**Exercise details:** In the records below, begin at the line containing "11月21日(日曜日)に浜松" and end at the line containing "Установите крышку датчика"; quote every line in that span exactly, including both boundary lines, and no others.

**Supplied records:**

##############################

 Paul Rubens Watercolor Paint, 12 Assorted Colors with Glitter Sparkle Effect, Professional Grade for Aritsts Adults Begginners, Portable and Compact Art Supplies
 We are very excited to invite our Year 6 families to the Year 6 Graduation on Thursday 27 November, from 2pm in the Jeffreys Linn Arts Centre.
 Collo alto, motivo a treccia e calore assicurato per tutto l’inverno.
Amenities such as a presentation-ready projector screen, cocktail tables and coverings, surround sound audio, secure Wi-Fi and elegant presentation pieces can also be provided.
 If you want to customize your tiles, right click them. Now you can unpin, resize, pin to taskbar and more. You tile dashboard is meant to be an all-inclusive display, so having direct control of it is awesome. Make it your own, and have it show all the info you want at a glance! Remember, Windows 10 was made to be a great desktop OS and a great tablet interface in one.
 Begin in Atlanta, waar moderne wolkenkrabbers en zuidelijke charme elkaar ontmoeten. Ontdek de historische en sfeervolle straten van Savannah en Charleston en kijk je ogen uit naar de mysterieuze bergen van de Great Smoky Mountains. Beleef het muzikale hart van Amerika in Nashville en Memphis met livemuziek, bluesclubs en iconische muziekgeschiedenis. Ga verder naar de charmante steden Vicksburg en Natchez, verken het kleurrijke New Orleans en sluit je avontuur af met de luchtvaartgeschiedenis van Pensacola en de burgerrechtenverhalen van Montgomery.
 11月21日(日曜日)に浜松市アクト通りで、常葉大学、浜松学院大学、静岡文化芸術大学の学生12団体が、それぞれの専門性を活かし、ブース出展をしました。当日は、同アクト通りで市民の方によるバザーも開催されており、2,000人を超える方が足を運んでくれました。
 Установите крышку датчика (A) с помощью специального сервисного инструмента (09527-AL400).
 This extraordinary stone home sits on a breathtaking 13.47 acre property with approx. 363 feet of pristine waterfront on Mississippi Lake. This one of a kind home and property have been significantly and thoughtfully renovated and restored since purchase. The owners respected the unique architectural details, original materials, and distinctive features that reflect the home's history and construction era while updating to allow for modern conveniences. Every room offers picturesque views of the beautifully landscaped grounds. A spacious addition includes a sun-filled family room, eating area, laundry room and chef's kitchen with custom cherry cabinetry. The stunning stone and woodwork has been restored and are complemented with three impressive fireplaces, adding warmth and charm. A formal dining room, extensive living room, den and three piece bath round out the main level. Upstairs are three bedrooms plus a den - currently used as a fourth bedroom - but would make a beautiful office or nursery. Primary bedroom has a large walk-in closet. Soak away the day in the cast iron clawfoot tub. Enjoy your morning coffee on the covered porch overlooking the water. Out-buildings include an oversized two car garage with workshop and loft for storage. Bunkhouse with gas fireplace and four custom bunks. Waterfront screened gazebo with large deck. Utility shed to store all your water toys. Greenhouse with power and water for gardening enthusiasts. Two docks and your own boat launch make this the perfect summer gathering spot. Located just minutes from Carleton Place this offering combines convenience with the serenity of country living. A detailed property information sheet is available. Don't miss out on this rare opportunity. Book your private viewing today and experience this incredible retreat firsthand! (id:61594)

##############################

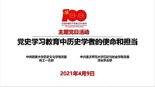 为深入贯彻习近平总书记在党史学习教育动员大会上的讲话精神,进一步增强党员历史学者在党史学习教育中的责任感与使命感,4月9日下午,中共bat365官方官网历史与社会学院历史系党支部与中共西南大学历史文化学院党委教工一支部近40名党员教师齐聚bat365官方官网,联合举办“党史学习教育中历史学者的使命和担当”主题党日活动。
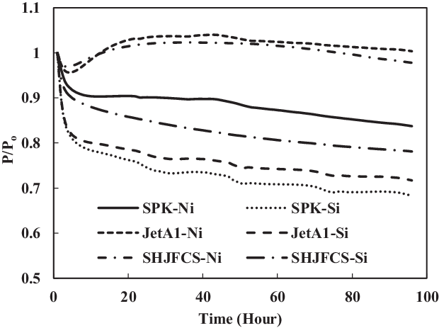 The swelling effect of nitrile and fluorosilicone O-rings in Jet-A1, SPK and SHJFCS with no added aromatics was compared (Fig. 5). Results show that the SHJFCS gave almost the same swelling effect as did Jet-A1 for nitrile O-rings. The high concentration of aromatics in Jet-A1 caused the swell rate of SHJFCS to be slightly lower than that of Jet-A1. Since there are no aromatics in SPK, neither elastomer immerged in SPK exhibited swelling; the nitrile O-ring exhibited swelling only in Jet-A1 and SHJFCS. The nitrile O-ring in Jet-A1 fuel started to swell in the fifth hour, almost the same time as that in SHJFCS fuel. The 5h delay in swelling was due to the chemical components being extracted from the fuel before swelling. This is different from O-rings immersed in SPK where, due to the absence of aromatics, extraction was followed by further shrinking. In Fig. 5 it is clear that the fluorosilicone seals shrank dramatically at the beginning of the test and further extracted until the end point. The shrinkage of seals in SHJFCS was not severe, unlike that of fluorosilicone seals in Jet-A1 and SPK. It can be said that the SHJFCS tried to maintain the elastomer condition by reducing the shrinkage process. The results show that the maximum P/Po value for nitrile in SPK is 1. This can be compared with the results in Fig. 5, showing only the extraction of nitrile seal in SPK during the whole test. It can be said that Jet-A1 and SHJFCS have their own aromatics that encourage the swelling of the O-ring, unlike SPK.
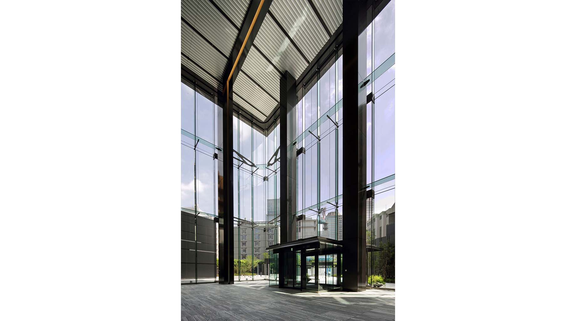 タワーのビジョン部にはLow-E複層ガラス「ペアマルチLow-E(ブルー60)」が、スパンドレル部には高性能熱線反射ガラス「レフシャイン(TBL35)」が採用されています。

##############################

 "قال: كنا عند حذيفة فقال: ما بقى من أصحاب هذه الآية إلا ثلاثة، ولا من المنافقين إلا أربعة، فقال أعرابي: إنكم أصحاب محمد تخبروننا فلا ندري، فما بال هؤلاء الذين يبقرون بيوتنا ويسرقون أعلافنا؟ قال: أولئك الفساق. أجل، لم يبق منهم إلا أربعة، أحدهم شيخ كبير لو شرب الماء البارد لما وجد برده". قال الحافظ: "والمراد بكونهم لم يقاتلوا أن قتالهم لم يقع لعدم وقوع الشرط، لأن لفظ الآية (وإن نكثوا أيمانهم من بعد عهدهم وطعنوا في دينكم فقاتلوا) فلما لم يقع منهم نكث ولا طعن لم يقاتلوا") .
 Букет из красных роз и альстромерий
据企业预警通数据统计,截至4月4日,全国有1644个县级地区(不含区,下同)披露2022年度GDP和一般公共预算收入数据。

##############################

**Answer to the exercise:**
 11月21日(日曜日)に浜松市アクト通りで、常葉大学、浜松学院大学、静岡文化芸術大学の学生12団体が、それぞれの専門性を活かし、ブース出展をしました。当日は、同アクト通りで市民の方によるバザーも開催されており、2,000人を超える方が足を運んでくれました。
 Установите крышку датчика (A) с помощью специального сервисного инструмента (09527-AL400).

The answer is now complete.